String Theory - finding values in a largish string

PurpleEdge2214 · February 15, 2025, 8:04am

I have a string, possibly up to 50K in size, that contains a HTML web page, with a form that contains lots of values. There might be multiple sets of data, e.g. like a list of products with specifications for each product.

I plan to use String Theory to help find the values in an optimal way and I’m just wondering what the best way to do it would be?

The string is formatted and contains CRLF so I could save it to a file and read the file with the BASIC driver and search each row for the information I need. I plan to use ST.Between to find and extract the values I need if I use this technique. I’d need to keep track of the beginning and end of each product segment in the file.

I’m asking if this is the best technique or if String Theory has other methods that might be more efficient?

e.g. Just load the string into a ST object and then use ST.FindBetween to loop through the string and find read the values - I’m not that experienced with ST so not even sure how I’d do this?? How do I keep track of where I am in the string, for example? It also sounds like I’d need more code to do it this way?

Any tips welcome!

Edit: Ah, OK I’ve just seen that the “end” value of FindBetween is updated when the searched value is found, so I can see now how I could loop through the string. Worth a try!

seanh · February 15, 2025, 8:14am

StringTheory will defiantly do the job for you, and it’s been optimized for speed quite a bit.
But have a look at xFiles (also Capesoft) which is sort of another layer on top of StringTheory for manipulating XML. that may be a better fit.

vitesse · February 16, 2025, 12:07am

yes ST can easily do this and it will be a good learning exercise.

Perhaps you mean the ASCII driver - but either way using ST you don’t use any of the file drivers. You read the string into memory and process it there. 50k is small so not a problem of running out of memory that you might have if say the string was say a gigabyte.

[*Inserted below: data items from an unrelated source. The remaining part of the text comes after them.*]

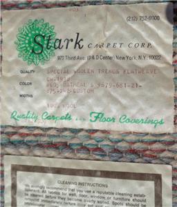 Offered here is this Vintage Stark Carpet Corp. Special Woolen Trends Flatweave #605 Area Rug. It is in good condition, with no holes or tears, but the rug absolutely will need to be cleaned before use. It is the Oatmeal color and is design number 605. It is a flat weave rug and is made of 100% wool. The rug does NOT include a pad. It is a custom-made rug, and I believe that it dates to 1938. The rug is 103.5” wide, and 174.5” long. It is a nice, extra large size flat weave wool rug that when cleaned will be an amazing accent piece in your room.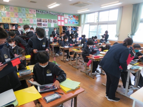今回参観していただいた方から、たくさんの話し合い活動、ワークショップ型の授業、タブレット端末の効果的な活用が盛んな様子を見て、「普段から(こういったことを)積み重ねていないと、こんな風にはできないですね」と、日ごろのみんなのがんばりに思いを馳せたお言葉をいただくことができました。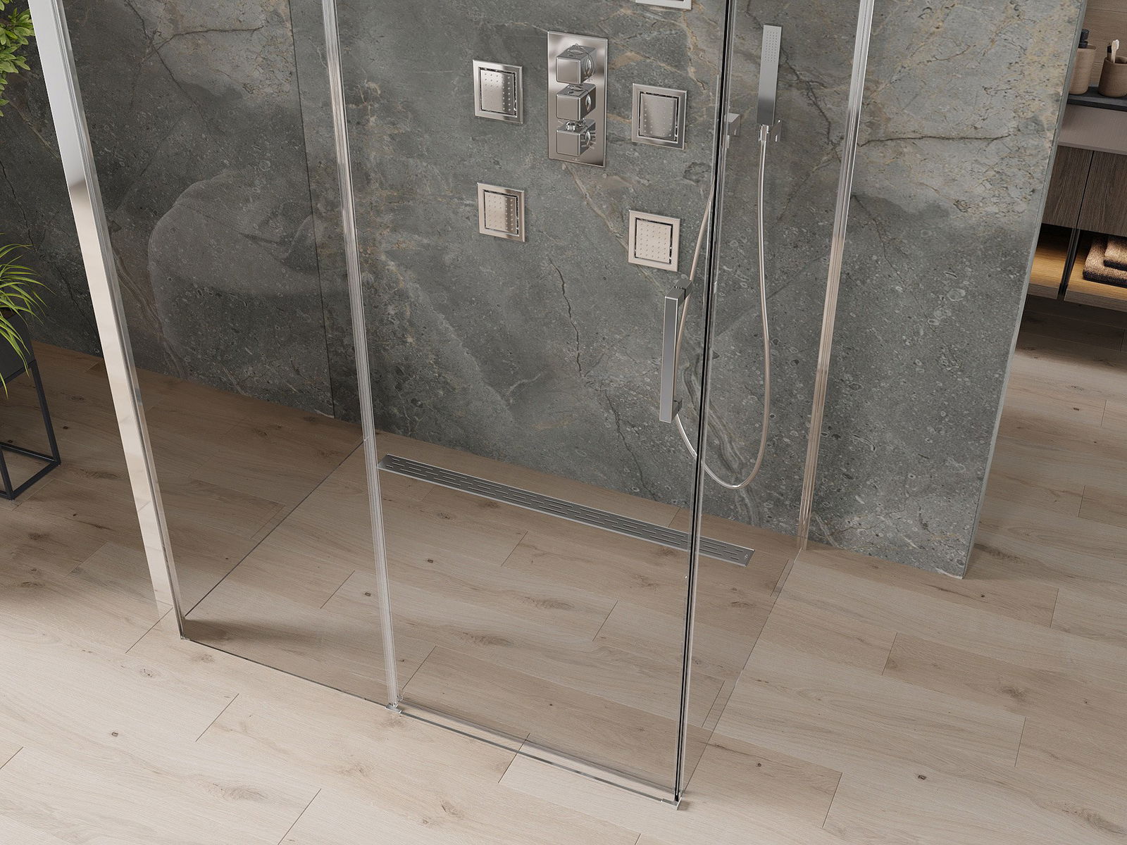 Abhängig von Ihren Bedürfnissen kann das Produkt sowohl auf der Duschschale als auch direkt auf dem Boden montiert werden. Mit der universellen Montagemethode können Sie das Produkt an verschiedene Arten von Badezimmern anpassen und Raum konfigurieren.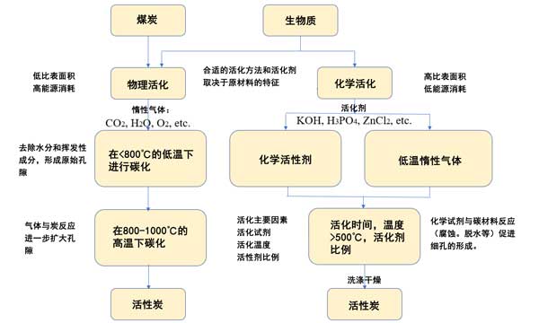 活化過程是活性炭制備的核心階段,是前驅體孔隙結構的進一步擴大。活化過程包括三個主要階段:焦油物質的消除、基本碳晶體的燃燒和碳顆粒的氧化。主要因素有活化類型、活化劑、活化溫度、浸漬比、活化時間、氣體分壓等。活化方法可分為物理活化、化學活化、物化偶聯(lián)活化法、微波活化、模板法等,最常用的方法是物理活化和化學活化。物理活化和化學活化衍生的活性炭制備見圖2。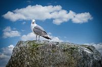 Zeemeeuw op een steen bij een fjord in Noorwegen. Vogel in het hoge noorden van Scandinavië.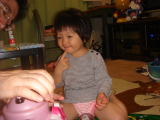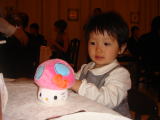 食後はお土産の“苺のロールケーキ”が登場。誰の誕生日でもなかったのですが、依亜が好きだからとロウソクを2本つけてもらいました。依亜は“ハッピーバースディ♪”のお歌を4回歌い(ディアの後、依亜ちゃん、おかさん、おとさん、お姉ちゃんと、入れ替えたので)、4回ロウソクを吹き消し、やっとケーキを食べることができたのでした。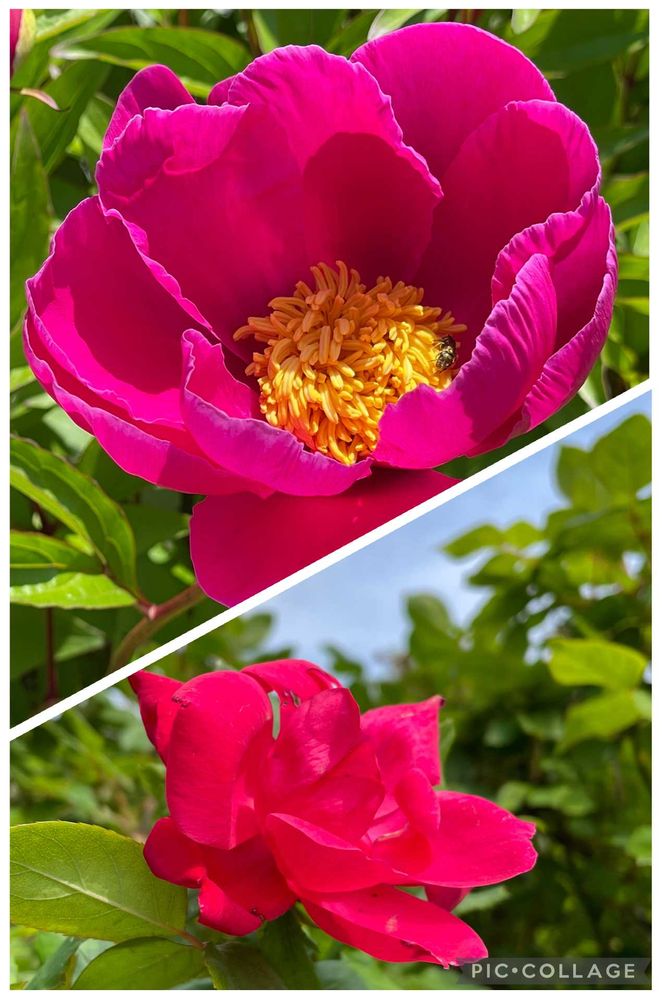 ご近所さんの牡丹と我が家のミニ薔薇🌹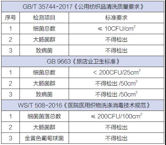▲醫用織物和酒店織物洗滌后的衛生標準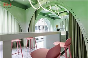 白天,陽光從穿孔鋁板穿進室內,使得店內原本甜美的配色和氛圍更加夢幻。晚上,室內燈光透過穿孔鋁單板外泄,輕盈獨特的感覺引人駐足。古老的廠房背景,金屬感的沖孔鋁板,老建筑與現代設計展現在同一空間,以相互尊重的態度并存。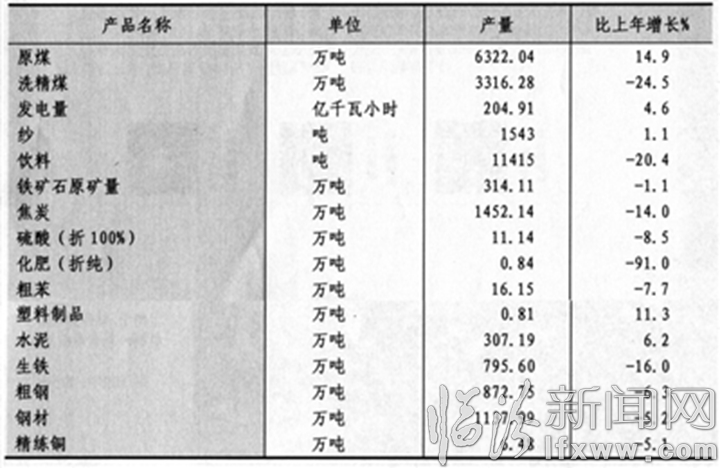 全年全市规模以上工业企业原煤产量6322.0万吨,增长14.9%;发电量204.9亿千瓦时,增长4.6%;焦炭产量1452.1万吨,下降14.0%;钢材产量1138.0万吨,下降5.2%。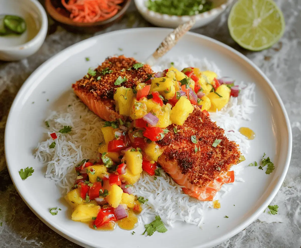 Tropical Coconut Crusted Salmon With Pineapple Salsa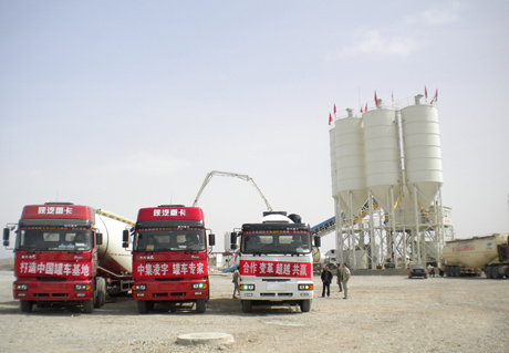 2010年4月2日,三臺(tái)專用車從洛陽中集凌宇公司出發(fā)奔赴新疆市場(chǎng),開始了為期15天的新疆巡展之旅。此次巡展由洛陽中集凌宇公司與陜汽集團(tuán)聯(lián)合舉辦,三臺(tái)展車分別為:6*4、12方水泥攪拌運(yùn)輸車、8*4、43方粉粒物料運(yùn)輸車和 71方半掛車。

Yell out if you have any problems and make sure to show your code so we can help if you need it. A sample of the data would also be useful. Also if you look at the ST code for FindBetween it says:

!-----------------------------------------------------------------------------------
! Finds the string between the passed left and right delimiter, and returns it. The passed pStart and pEnd
! are set to the start and end position of the returned value in the string. If pStart or pEnd is passed as less
! than or equal to zero then they are set to the start and end of the stored string repectively. Otherwise
! they are used as the bounds for the search. This allows FindBetween to be called multiple times to search
! for multiple occurances using the same delimiter:
!
! limit  = 0 ! set to zero for end of string
! pStart = 0 ! set to zero or one for start of string
! loop
!     pEnd = limit
!     betweenVal = st.FindBetween('[[', ']]', pStart, pEnd)
!     if pStart = 0
!         break
!     else
!         ! do something with the returned betweenVal
!     end
!     pStart =  pEnd + size(pRight) + 1 ! Reset pStart for next iteration. If not doing pExclusive then pStart = pEnd + 1
! end

so that may be helpful - and I see the same example code is in the docs so no need to actually consult the ST code…

https://www.capesoft.com/docs/StringTheory3/StringTheory.htm#FindBetween

also if you just want the start/end position you can call findBetweenPosition instead, which doesn’t return the value.

cheers

Geoff R

vitesse · February 27, 2025, 1:00am

see this later discussion about st.findBetweenPosition()

RchdR · February 27, 2025, 7:20am

I was using RegEx’s to process the TXA which is similar/variable in size, has a structure with additional “foreign” or “alien” components like embed code with various languages in.

Basically started with the first line, looking for start component and then looked for the end component where it existed or the next start component and backed up a line, took that block of lines and then repeated the process by looking for sections.

Thing with the TXA and other files, is the order of starting sections ithin a section can be fixed where they exist so there will be no end component and different types of line wrapping can be implemented, ie CRLF, &| and |, but StringTheory or RegEx’s will work, just break everything down into smaller chunks and you’ll find it fairly easy, so a webpage should be easy enough.

Thinking of writing your own search engine spider?